To have an abortion is to decide. When you decide to terminate your pregnancy, you exercise your right to choose your body, your life and your future; and you can also choose how to do it, that is, the method you prefer, as well as where and when you want to live this process.
Among the many myths surrounding abortion is the idea that it can only be performed in a hospital, in a surgical and invasive way, where the person will be alone; however, this type of procedure is occurring less and less frequently in the world.
The World Health Organization (WHO) recommends pharmacological treatment as the first choice for safe abortion; either using misoprostol alone or the combined regimen of mifepristone and misoprostol.
In this space we will discuss the combined regimen of mifepristone and misoprostol. This option is more effective than misoprostol alone, and is recommended for medical abortion before 13 weeks gestation.
This regimen has efficacy rates of over 95%, continuation of pregnancy rates of approximately 2% and complication rates of 1% to 3%.
Another advantage of the combined regimen is that, by using both drugs, expulsion occurs more quickly. The average interval to completion of the abortion is 6 to 10 hours after starting misoprostol, although some people need more time to achieve a complete abortion. After completion of the procedure, no routine follow-up consultation is necessary.
The only difficulty in performing an abortion using both drugs is that mifepristone is not available in several countries in the region.
In the case of abortion with mifepristone and misoprostol, before 13 weeks, these three steps must be followed:
- Step 1: Swallow one mifepristone tablet (200 mg) with water.
- Step 2: Wait 1 – 2 days (we recommend 24 hours) before administering misoprostol pills.
- Step 3: Place 4 misoprostol tablets (200 mcg each) either under the tongue (sublingual route) or between the cheeks and gums, two tablets on each side (this route is called buccal); let them dissolve on their own, wait 30 minutes and swallow the residue with water.

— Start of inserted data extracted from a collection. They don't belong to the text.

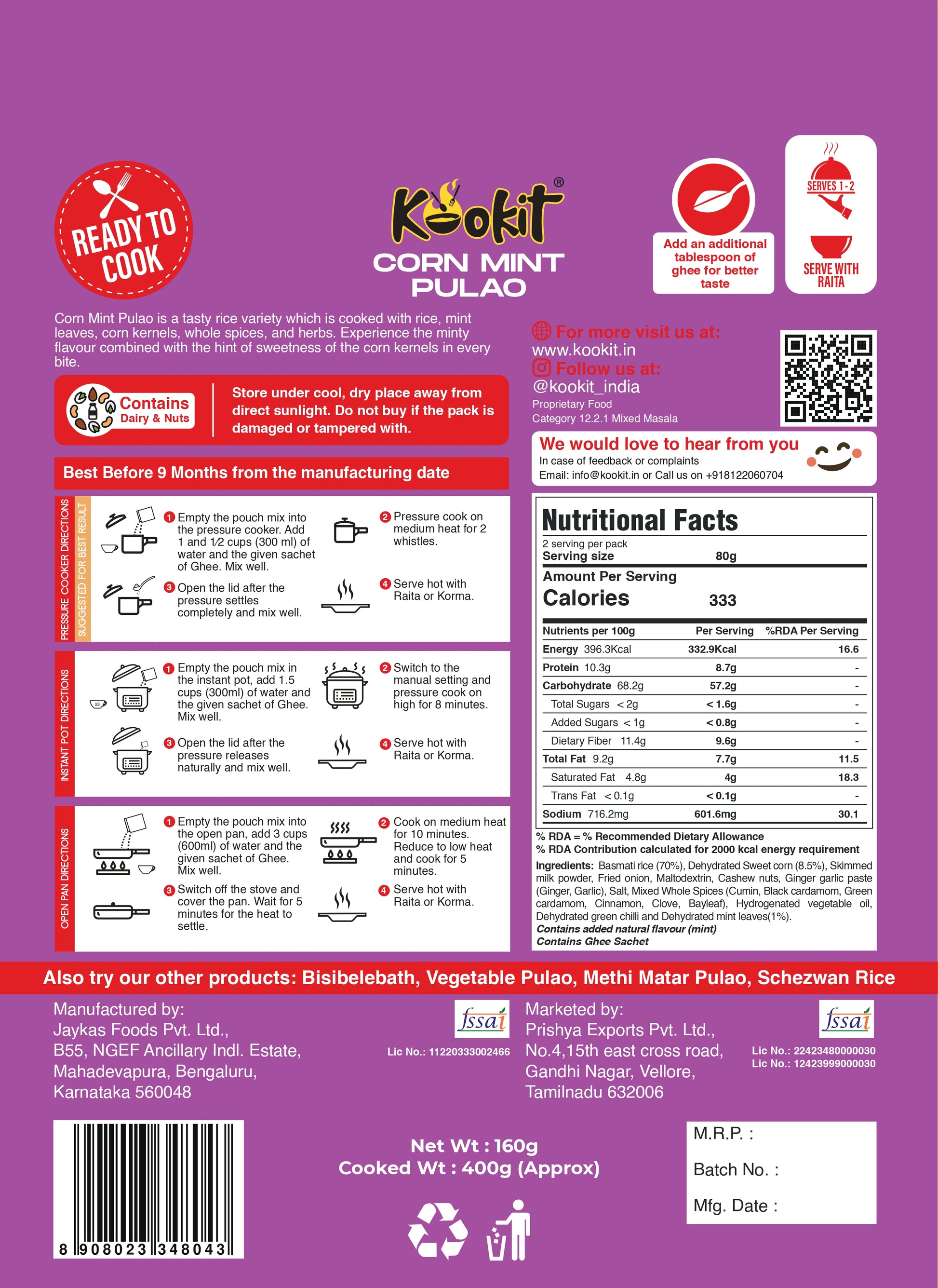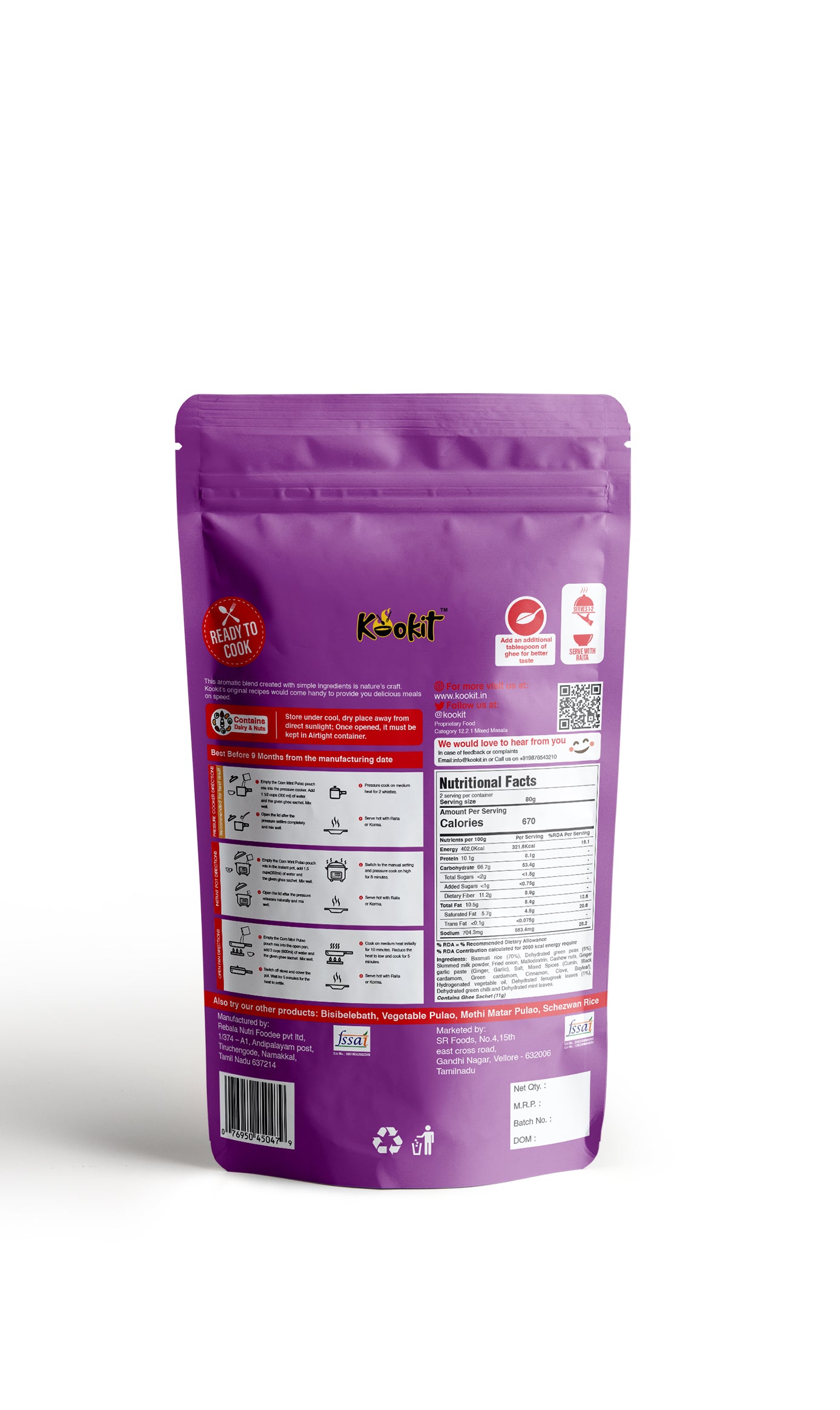 Corn mint pulao is a delectable rice dish that combines the sweetness of corn kernels with the refreshing flavor of mint leaves, creating a vibrant and aromatic culinary experience. The mint leaves, with their cool and invigorating taste, infuse the pulao with a refreshing zing, balancing the sweetness of the corn and the warmth of the spices with their vibrant flavor. Each spoonful is a tantalizing blend of textures and tastes, with the tender rice, plump corn kernels, and fragrant mint leaves coming together in perfect harmony. Kookit brings the traditional Corn Mint Pulao right to your home while making it quick and simple to cook. Just empty the contents of the pouch, add water as per instructions and Kookit!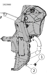 4. | See Figure 1. אתר את הפיירינג תחתון החיצוני השמאלי (11) מהערכה. a. See Figure 6. התקן את עמודי ההרכבה של הפיירינג התחתון החיצוני (1) לתוך גרומטים בפיירינג התחתון הפנימי (2) מהלוח החיצוני לכיוון קו מרכז הרכב, ודאג לתפוס את כל 5 עמודי ההרכבה לתוך הגרומטים. |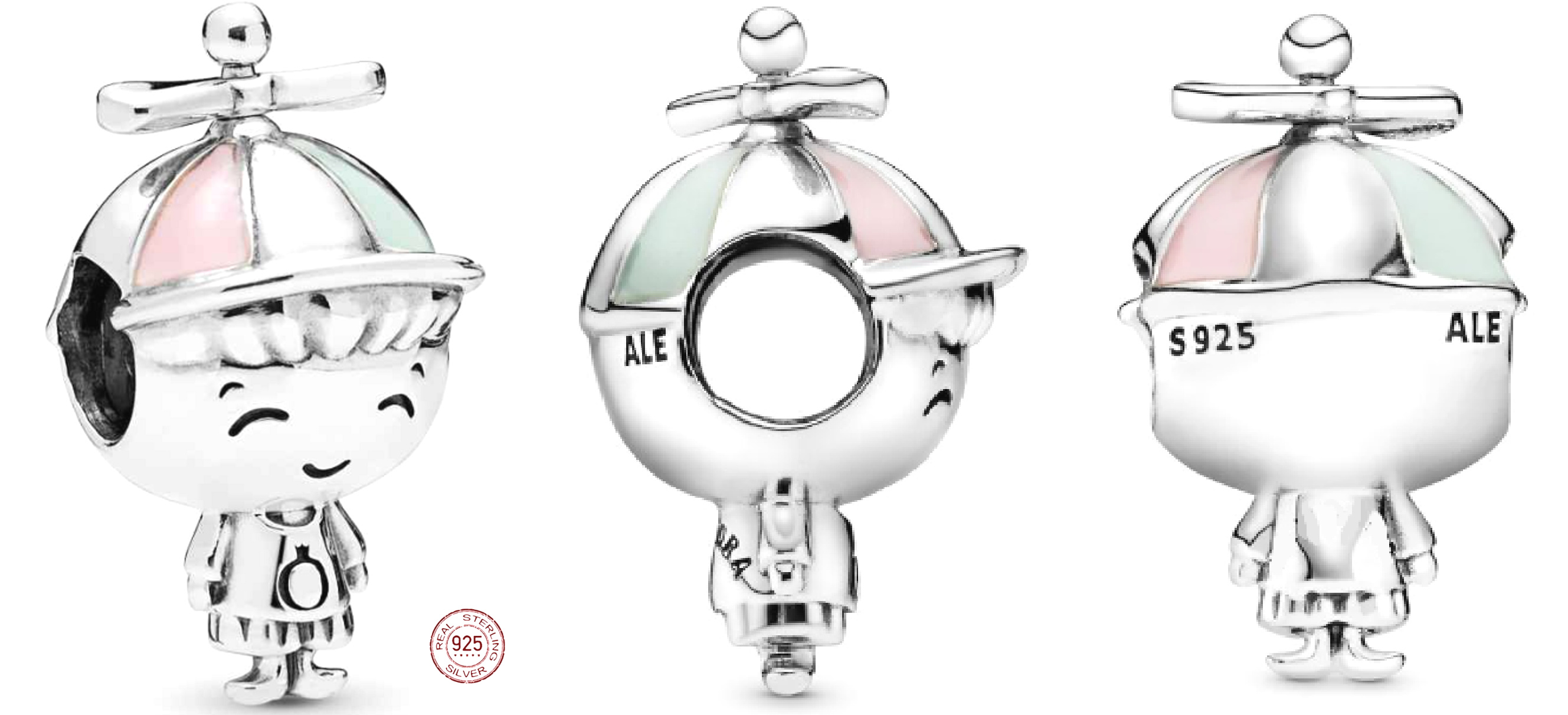 Charm Sterlingové stříbro 925 Chlapeček s vrtulkou na čepici, korálek na náramek, rodina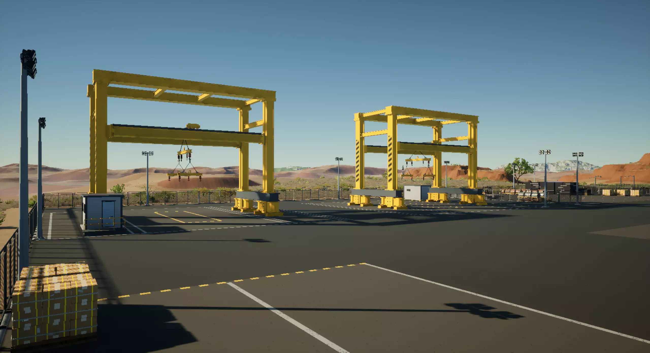 佐渡变压器工厂 在王子钻井附近新增了变压器工厂。 这些货物非常沉重,在运输过程中会触发护送任务。 使用全新的歌利亚拖车来运输变压器。 请注意,你需要精确对齐拖车才能正确装载变压器。

- You can also use the vaginal route for misoprostol (some countries have this presentation). The tablets are introduced into the vagina with your fingers, as deep as possible, then you must remain in a horizontal position for 30 minutes until the tablet melts.
- In the vaginal tract, residues of the pills can be detected even several hours later. It is not recommended to put misoprostol in the vagina if you live in a place where abortion is legally restricted, since you may be questioned if you go to a medical facility for a check-up.
If you are over 13 weeks, it is advisable to perform the procedure under the supervision of a health care professional properly trained in abortion care, as you may require more doses of the medication.
Having the correct dosage of the combined medication is vital for a safe and successful procedure. Another key aspect is that you have complete information and full preparation.
Although complications are minimal, you should be alert to warning signs and seek immediate care from a health care professional appropriately trained in abortion and postabortion care if you experience:
- Excessive and continuous bleeding, especially if you are soaking 2 or more maxi pads, or equivalent, every hour for 2 or more hours.
- Severe pain in the belly that does not go away with pain medication (this may be an ectopic pregnancy, considered a medical emergency).
- Unusual and foul-smelling discharge from the vagina.
- High fever lasting more than one day.
- If you experience severe dizziness or fainting.
- Allergic reaction to the drug in the form of hives or rash.
- If you took the abortion medications and have not bled within 24 hours of the last intake.
- Even if abortion is legally restricted where you are, emergency medical care is always legal. You do not have to report that you have taken abortion medication if you do not want to; you can say that you are having a miscarriage, as the subsequent treatment does not change.
Although the medical abortion experience will be different for each person, it can be painful in some cases. Cramping pain in the belly is usually more severe than a menstrual period and is a good sign that the medication is working. The further along in the pregnancy, the more painful the process can be.
To reduce pain, you can take ibuprofen or other available non-steroidal anti-inflammatory drugs (if you are not allergic) about 30 minutes before your first dose of misoprostol. It may also help to place a hot water bottle on your belly.